Here is an interesting case: circle/spinner under rational rotation. (‘rational’ = rational multiple of 2π)

The action of rational rotations is locally finite. So, by your Theorem 2, regular hyperreal and regular qualitative probabilities exist. By contrast, for unrestricted real rotations they don’t. This difference is not surprising: the standard counterexample uses images under an iterated irrational rotation. But it does raise the question of whether the difference between rational and real rotations should matter philosophically.

Alexander R Pruss said...

Ian:

On completeness, note that classical probability does measure all countable sets, and it is the countable ones that cause the problems.

The rational rotation thing is really interesting.

IanS said...

Another case: countable lottery with finite permutations (i.e. those that permute only a finite number of tickets). Full conditional, regular hyperreal and regular qualitative probabilities all exist. For unrestricted permutations, they don’t.

Mathematically, this is no surprise – restricting to finite permutations blocks paradoxical decompositions. But the philosophy is interesting. Both full and finite permutation symmetry reflect the intuition of label independence. Both permit any label to be swapped with any other. They differ on whether you require invariance under an infinite number of swaps at once.

Alexander R Pruss said...

Very nice case, too. I should include them if I am asked to revise the paper.

I wonder what happens if you combine finite permutations and shifts (in a bidirectional setup). Do you have invariant conditional probabilities?

I think so. Here's an attempted proof sketch. Suppose that a set A of integers has a paradoxical decomposition under finite permutations and shifts. Clear, A must be infinite. Let P be a shift-invariant probability on A (which exists because the group of shifts is abelian). Note that P assigns zero to every finite subset of A by finite additivity and shift-invariance.
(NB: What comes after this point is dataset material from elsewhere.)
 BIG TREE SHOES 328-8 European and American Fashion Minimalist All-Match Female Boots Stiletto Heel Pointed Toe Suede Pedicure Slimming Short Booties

That paradoxical decomposition involves a partition B1,...,Bn,C1,...,Cm such
that there are symmetries g1,...,gn,h1,...,hm with g1B1,...,gnBn being a partition of A, and h1C1,...,hmCm being a partition of A as well. For any symmetry g, let g* be the symmetry obtained by dropping all the finite permutations in g. More precisely, g* is a shift by the limit of g(n)-n as n goes to infinity (or minus infinity). Then, for any set U, g*U and gU differ in only finitely many places. Then, g1*B1,...,gn*Bn is a partition of A modulo finite sets, and h1*C1,...,hn*Cn is a partition of A modulo finite sets. Finite sets have zero measure with respect to P. So, these are partitions modulo sets that have zero P-measure. But that will violate the shift-invariance and finite additivity of P.
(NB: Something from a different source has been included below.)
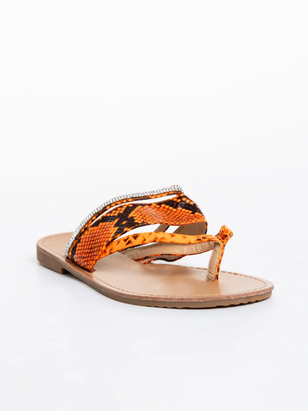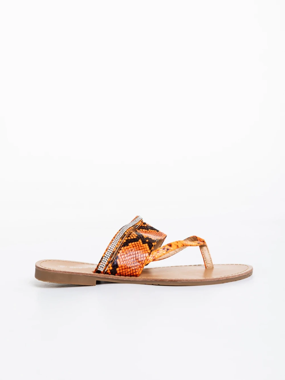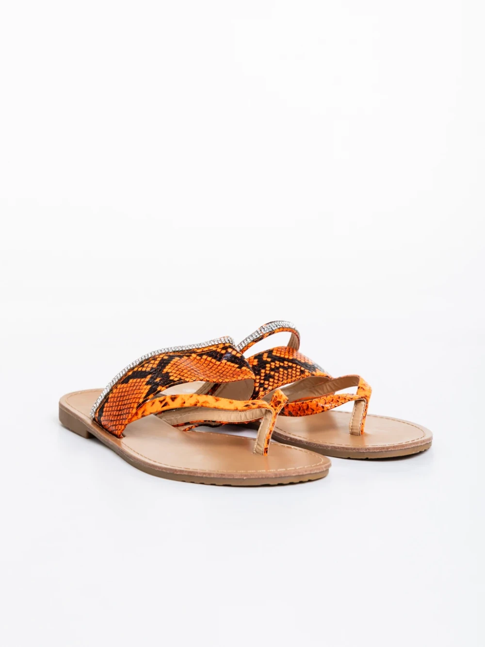 Дамски чехли оранжеви от екологична лачена кожа Savanna

This is interesting, because in the bi-infinite coin sequence case, if you combine finite reversals and shifts, you don't have invariant conditional probabilities. Moreover, the lottery shift and finite-permutation group is not supramenable, because it contains a subgroup isomorphic to the finite-reversals-and-shifts group from the coin case.

The method of proof here might help to generate some other cases. But I need to run off for a Philosophy Kayaking event now.

IanS said...

The proof seems to require that A has non-zero P-measure. Is it obvious that it must?

Alexander R Pruss said...

The proof requires that there be a shift-invariant probability measure *on A*. It doesn't require that that measure be a restriction of a shift-invariant probability on the integers.
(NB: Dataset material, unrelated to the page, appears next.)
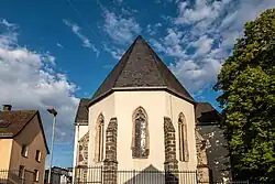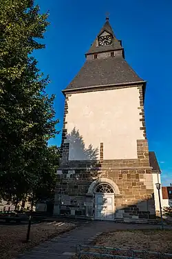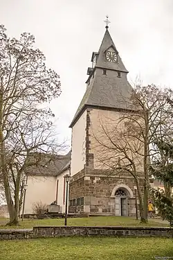Der mächtige Kirchturm auf quadratischem Grundriss besteht im unteren, romanischen Teil aus aufgemauerten Quadern aus hellem Tuffstein und grauem Basaltgestein mit Ecklisenen. Ein umlaufendes Gesims in vier Metern Höhe ist mit einem Rundbogenfries verziert.[16] Das rundbogige, gestufte Westportal führt in eine Vorhalle, die das untere Drittel des Turms einnimmt.[17] Über der Halle mit Kreuzgratgewölbe befindet sich eine Turmkapelle, die wahrscheinlich dem heiligen Michael geweiht war, aber nicht vollständig ausgeführt wurde. An der Ostseite stehen noch zwei Ecksäulen mit grotesken Figuren und Blattwerk auf Kapitellen.[7] Eine 2,40 Meter breite Apsidiole, eine überwölbte Nische an der Ostseite, ist heute zugemauert. Die Kapelle ist über eine mittelalterliche, rundbogige Tür über der Nordempore des Schiffs zugänglich. Die verputzte obere Hälfte des Turmschaftes aus Bruchsteinmauerwerk mit Eckquaderung ist fensterlos und stammt aus gotischer Zeit.[18] Das vierseitige, verschieferte Pyramidendach ist zweistufig und wird in der Mitte durch eine schmale Zone mit je zwei kleinen rechteckigen Schalllöchern unterbrochen. Bekrönt wird das Dach von einem Turmknopf, Kreuz und Wetterhahn, der bereits für das Jahr 1611 nachgewiesen ist.[19]

There is such a measure on A, because the group of shifts (which has a partial action on A) is supramenable.

IanS said...

I now see. Very neat.

Alexander R Pruss said...

More generally, the proof shows that if G is a group that has a partial action on Omega that admits strongly G-invariant full conditional probabilities and that has the property that for any x and y in Omega there is a g in G such that gx=y, and G* is the group generated by G and by the finite permutations of Omega, then there are strongly G*-invariant probabilities on Omega.